8d71e20bf7
Rewrites src/h265.c (407 lines → 588 lines) and the picture.c HEVC
dispatch + per-slice accumulation against the modern split V4L2_CID_
STATELESS_HEVC_{SPS,PPS,SLICE_PARAMS,SCALING_MATRIX,DECODE_PARAMS,
DECODE_MODE,START_CODE} stateless controls. Replaces the staging-era
V4L2_CID_MPEG_VIDEO_HEVC_{SPS,PPS,SLICE_PARAMS} CIDs that were
removed from the kernel UAPI.
Per-frame submission: ONE batched VIDIOC_S_EXT_CTRLS, count=5,
ctrl_class=V4L2_CTRL_CLASS_CODEC_STATELESS:
0xa40a90 SPS (40 bytes)
0xa40a91 PPS (64 bytes)
0xa40a92 SLICE_PARAMS (variable; dynamic-array; one entry per slice)

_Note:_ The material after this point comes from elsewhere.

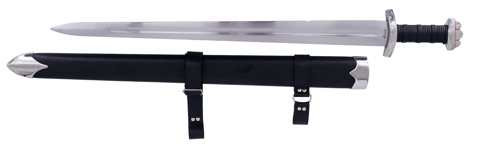 La hoja está fabricada en acero al carbono 1065, un material muy apreciado por su resistencia y capacidad de absorción de impactos. El mango está revestido en piel, proporcionando un agarre firme y seguro. Incluye una funda de madera forrada en piel con anclajes metálicos, fiel al estilo histórico de las armas vikingas.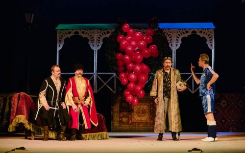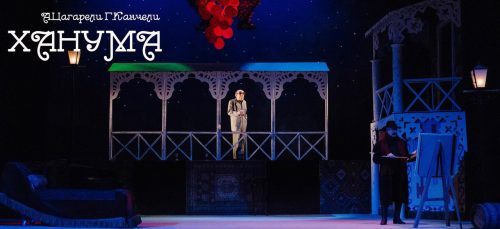 Прежде всего, мне хотелось избежать хрестоматийности. При этом не нарушая, не обкрадывая ожидания зрителя, а сохраняя весь тот грузинский колорит, что так мы любим. Он знаком и близок большинству сидящих в зале людей. Поэтому спектакль вобрал в себя все доброе, что связывало в прежние годы Россию и Грузию. Он получился нетрадиционным, неархаичным, а во многих сценах неожиданным. Например, в тот момент, когда князь играет в футбол в саду, мы слышим трансляцию игры с участием тбилисского «Динамо» и комментарии Котэ Махарадзе. Или сцена, в которой Сона появляется под звучание песни в исполнении популярного грузинского коллектива «Алило», а вместо фаэтона по сюжету она приезжает в «копейке». Ханума «терроризирует» князя песнями ансамбля «Орэра». И таких реминисценций из советского времени в спектакле много. А еще в спектакле есть Георгий Товстоногов. Он становится свидетелем разных постановок «Ханумы». Георгий Александрович появляется сначала в старом Тифлисе времени персонажей комедии: прогуливается по улочкам родного города, видит Пиросмани, пишущего свои картины, читает стихи не только Орбелиани, но и Бараташвили «Синий цвет» – одно из любимых стихотворений самого Товстоногова. Этот ход дал спектаклю некий уют с одной стороны, а с другой – снял с него пафос излишней сентиментальности.

0xa40a93 SCALING_MATRIX (1296 bytes; memset-zero when no scaling list)
0xa40a94 DECODE_PARAMS (328 bytes; per-frame DPB info)
Plus device-wide menus set once at context.c init (separate batched
S_EXT_CTRLS call so a kernel without HEVC controls — e.g. hantro on
RK3568/RK3399 — silently fails its batch without invalidating H.264):
0xa40a95 DECODE_MODE (FRAME_BASED on rkvdec)
0xa40a96 START_CODE (ANNEX_B on rkvdec)
Reference: FFmpeg libavcodec/v4l2_request_hevc.c:505-565
(v4l2_request_hevc_queue_decode batched submission shape).
Phase 5 review amendments incorporated:
C1 (data_byte_offset NOT data_bit_offset):
Old h265.c at lines 184-209 ran an 8-bit search to compute
bit-granularity offset. New API renames the field to
data_byte_offset (u32 byte offset). Bit-search dropped; replaced
with plain byte offset = source_offset + slice->slice_data_byte_offset.
C2 (dpb_entry.flags only LONG_TERM_REFERENCE; pic_order_cnt_val
singular; poc_st_curr_*[] arrays hold DPB INDICES not POC):
h265_fill_decode_params replaces old slice-params DPB iteration
with explicit DPB classification + index-array population.
For each VAAPI ReferenceFrames[i]:
- Classify into ST_CURR_BEFORE / ST_CURR_AFTER / LT_CURR via
VA_PICTURE_HEVC_RPS_* flags.
- Set dpb[j].timestamp, .pic_order_cnt_val (singular), .field_pic.
- Set dpb[j].flags = LONG_TERM_REFERENCE iff RPS_LT_CURR.
- Append j (DPB index, u8) to poc_st_curr_before[k] /
poc_st_curr_after[k] / poc_lt_curr[k] based on classification.
C3 (union-aliasing reasoning corrected):
BeginPicture's params.h265.num_slices = 0 reset is benign for
non-HEVC profiles because byte ~17764 of the params union is past
any field non-HEVC profiles read, NOT because RenderPicture's
per-buffer copies overwrite that location. Wording amended in
phase4_iter2_plan.md per phase5_iter2_review.md.
S1 (PPS flags 19 + 20 — DEBLOCKING_FILTER_CONTROL_PRESENT and
UNIFORM_SPACING):
Empirically VAAPI does NOT expose either flag in the
VAPictureParameterBufferHEVC pic_fields.bits or
slice_parsing_fields.bits. Both bits left zero. BBB-720p10s_hevc
fixture uses neither tiles nor explicit deblocking-control
parameters, so the omission is correct for the iter2 binding cell.
S2 (3 PPS scalars added):
pic_parameter_set_id (default 0; VAAPI doesn't expose),
num_ref_idx_l0_default_active_minus1, num_ref_idx_l1_default_
active_minus1 (both populated from VAAPI picture struct).
Q2 (slice_segment_addr populated):
Was missing in old h265.c. Now sourced from
VAAPI's slice->slice_segment_address.
S3 (SCALING_MATRIX content choice):
Implementer choice taken: when iqmatrix_set==false (BBB has no
scaling list per SPS flags = SAO|STRONG_INTRA_SMOOTHING),
h265_fill_scaling_matrix sends memset-zero. Matches FFmpeg's
sl=NULL pattern at v4l2_request_hevc.c:384-403 (preserves
byte-equality vs cross-validator anchor).
S4 (FFmpeg function name fix): cosmetic; no code impact.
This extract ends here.